Monday, January 14, 2013

Arrival and Orientation


It’s great to be back in Africa!  Not to say that I don’t have some residual trepidation about what I may encounter in the hospitals, but the warm breeze in the air that greeted me as I stepped off the plane combined with the pitch darkness of a night relatively undisturbed by city lights was enthralling.  Arriving at the Work-the-World house, I found that my program put me up in dorm style housing on the bottom bunk, albeit I’m currently encased in the mosquito netting canopy which is not what I had ever experienced back in PA, but oddly, my room still reminds me of the time my brother and I shared bunk beds growing up, and mine was always on the bottom.   It’s good to have some reminders of home this far away.  Orientation tomorrow then off to 2 weeks of obstetrics, which I’m curious to see what their medical practice is here.  I was talking with one of our program managers who expounded upon the bush medicine and how traditional ways (still practiced) are to limit the mother’s diet to keep the fetus small, thus keeping the laboring simple.  This makes me curious about developmental defects, but our director swears up and down that the children being born are very healthy.  They warned us that there would be striking differences between medical practice compared to back in our home countries (undoubtedly!), and while the urge is to interject our recommendations and state the differences (and possibly do our way while here) most of the docs don’t care how it’s done in other countries.  If we try to resist the current system, we will only get frustrated, so we were instructed to just ‘go with the flow.’  I’m sure I will come to my own conclusions concerning that matter.  More to come…

Sunday, January 6, 2013

Anx is mounting.

I'm in the final preparations before my departure to Arusha, and I'm not pretending that I am at all confident in my ventures.  I'm actually quite nervous presently, concerned about the difference in medical practice in TZ, and how I've always done it on this side of the pond.  Will I know what to do?  Will I be of any help to them?  Am I going to fall flat on my face the first day, overcome with jet lag, overwhelmed with the language barrier and the (possibly) primitive practice settings?  What has filled me with even more trepidation is that listed on my placement itinerary, my official position on this rotation is 'Doctor in charge', not 'medical student', not 'visiting student' but 'Doctor in charge'.  I am fully aware that in less than 5 months now I will be graduating and will have the rightful title of doctor, but to see it on my itinerary as the one in charge only adds to the weight of my plight.  I will still have supervision in Arusha from my understanding, but exactly how much supervision is TBD.  I can already guess that this experience will stretch me in ways that I am not expecting.  I guess I am prepared, God will be there (hopefully I do not forget this in my scariest moments).

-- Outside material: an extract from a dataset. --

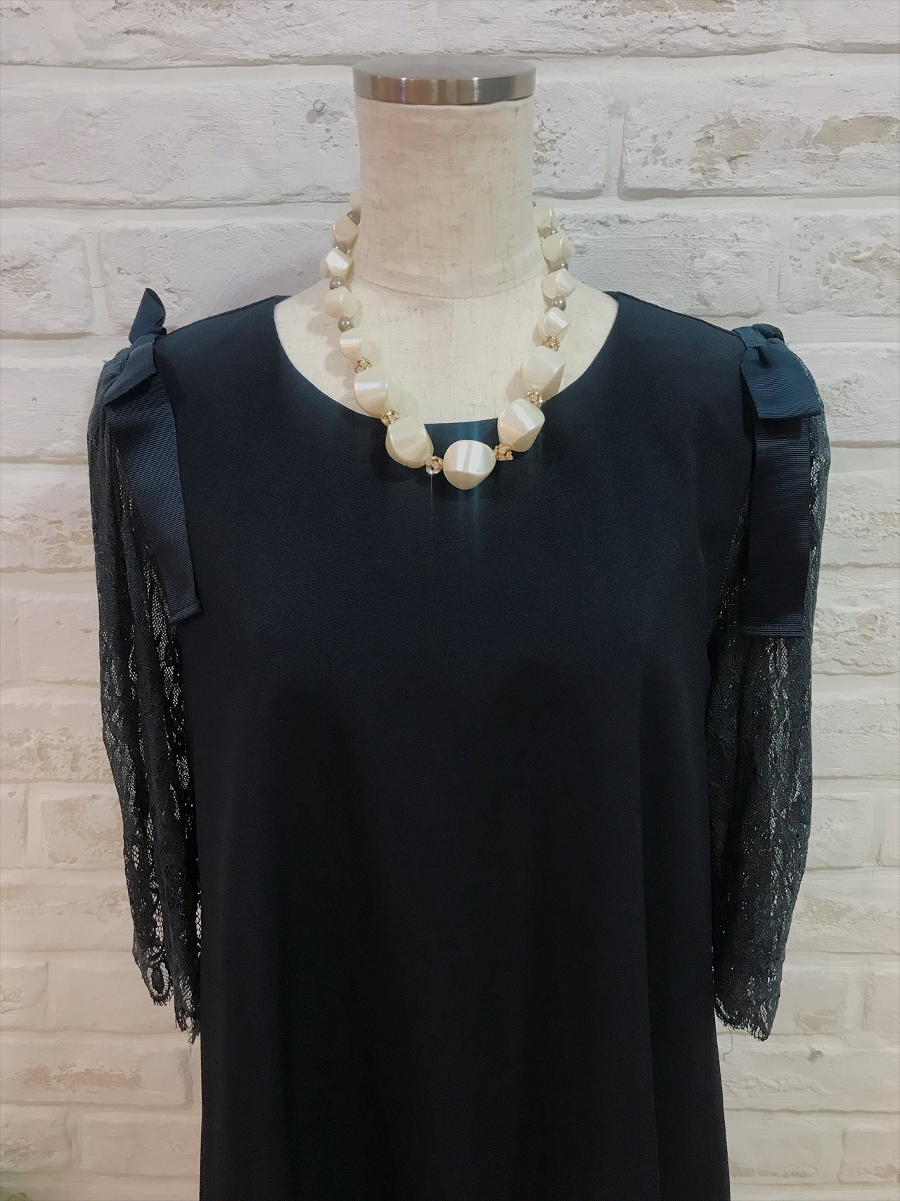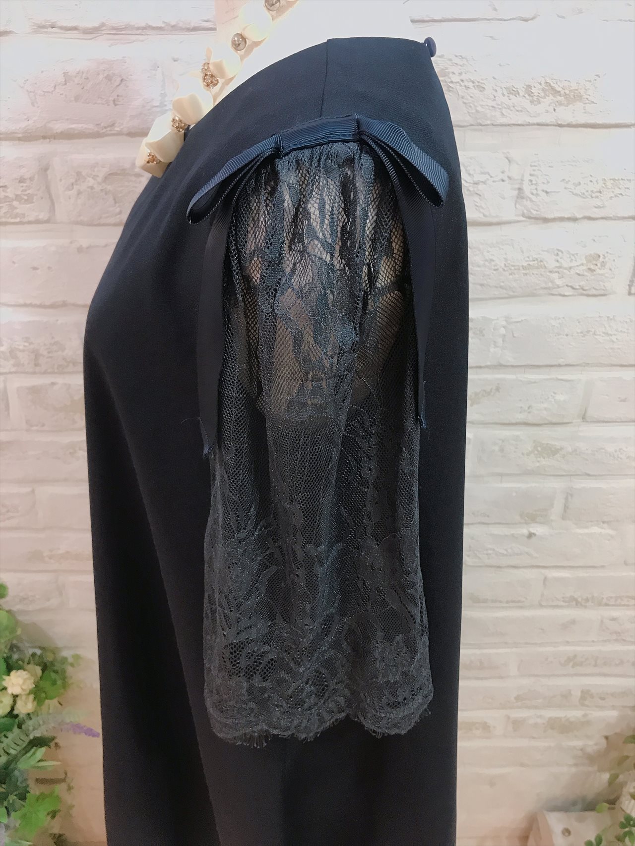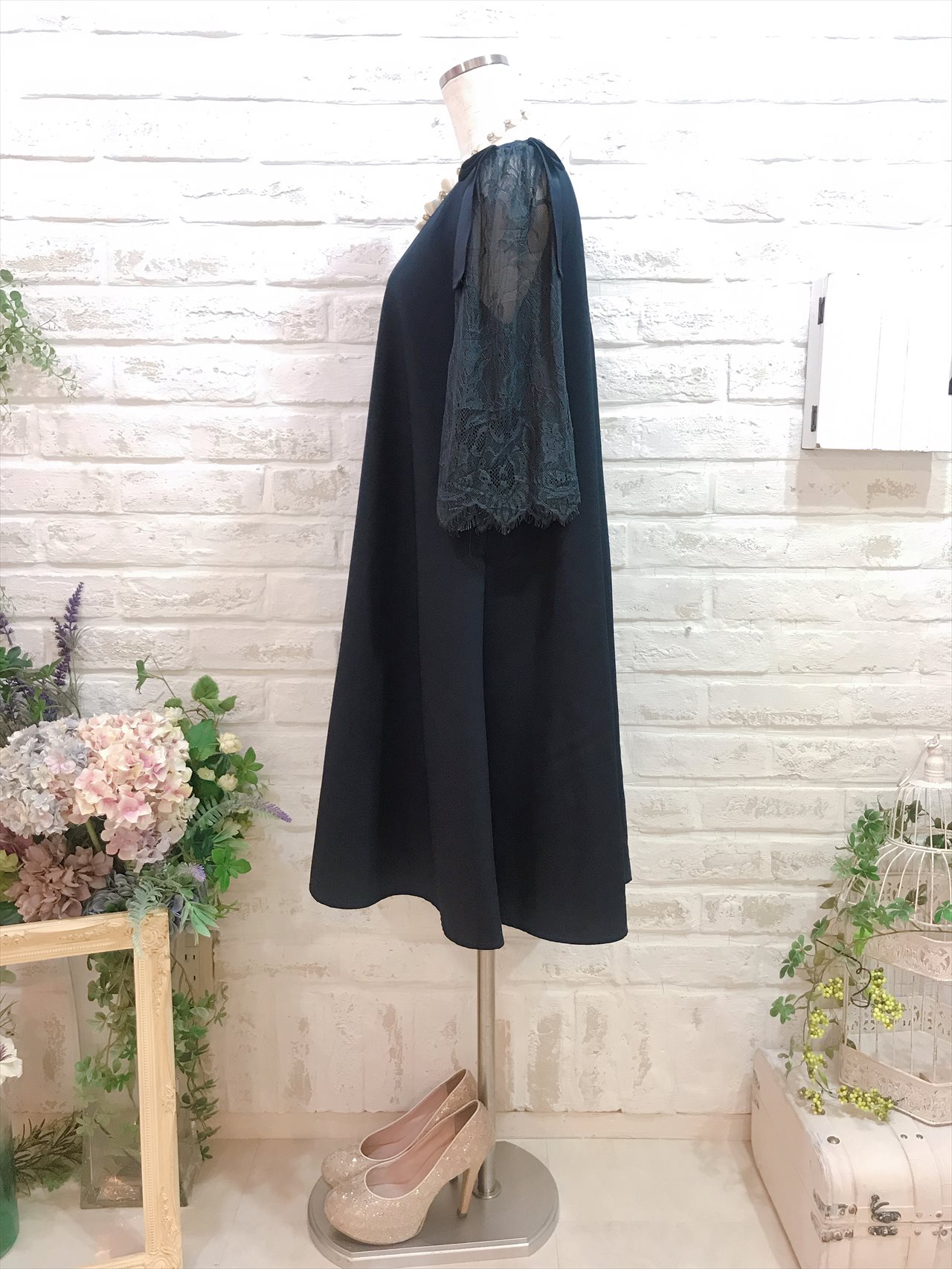ブラック袖ありドレス。袖の部分はレース素材。肩にリボンが有ります。

I remember when I left for my study abroad semester in Ireland, some dear college friends gave me a send off card that I held quite close during the times of struggles and tears.  Included with their kind send-offs and well-wishes, they also wrote down Psalm 139:7-12. "Where shall I go from your Spirit?  Or where shall I flee from your presence?  If I ascend to heaven, you are there!  If I make my bed in Sheol, you are there!  If I take the wings of the morning and dwell in the uttermost parts of the sea, even there your hand shall lead me, and your right hand shall hold me.  If I say, 'Surely the darkness shall cover me, and the light about me be night,' even the darkness is not dark to you; the night is bright as the day, for darkness is as light with you." ESV  So whether I am filled with fear and trembling, I take comfort in not treading alone.